I am a beginner, and so I may simply be misunderstanding the responses to certain questions that have already been answered (and that I have not been able to make use of), such as, among others:
How to remove list of words from a list of strings
and
Remove all occurrences of words in a string from a python list
I have tried to separate the different aspects into different functions to hopefully simplify things, though I suspect I may in fact be overcomplicating things. My program is below:
import string
from collections import Counter
def wordlist(line):
wordlist2 = []
wordlist1 = line.split()
for word in wordlist1:
cleanword = ""
for char in word:
if char in string.punctuation:
char = ""
if char in string.whitespace:
char = ""
cleanword += char
wordlist2.append(cleanword)
return wordlist2
def wordcaps(line):
line = [char.lower() for char in line]
return line
def countwords(document):
words = Counter()
words.update(document)
x = words.most_common()
print x
def readfile(filename):
fin = open(filename).read()
print countwords(wordcaps(wordlist(fin)))

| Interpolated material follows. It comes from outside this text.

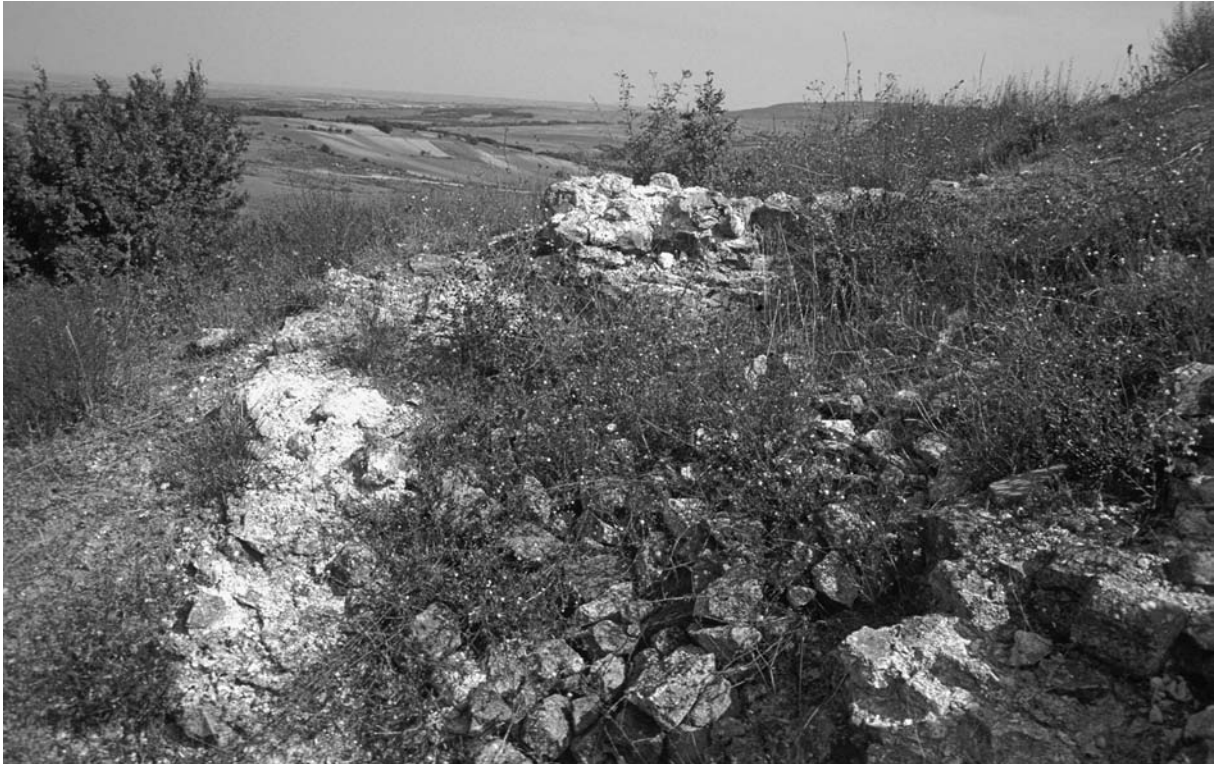
51 Ferhadanlı, Çinkale, N-Turm

Here are some of the things I have tried. I have tried to create a list - for example, filterlist = ['i', 'to', 'and'] - and to use this as a conditional in the wordlist function:
for word in wordlist1:
if word in filterlist:
word = ""
This does not seem to have any effect. I have also tried, to no avail:
for word in wordlist1:
if word in filterlist:
wordlist1.append("")
I have tried a bunch of other things, but this question seems to be getting too long in any event. I have seen references to "regex," but am just not sure what that is or how it fits in.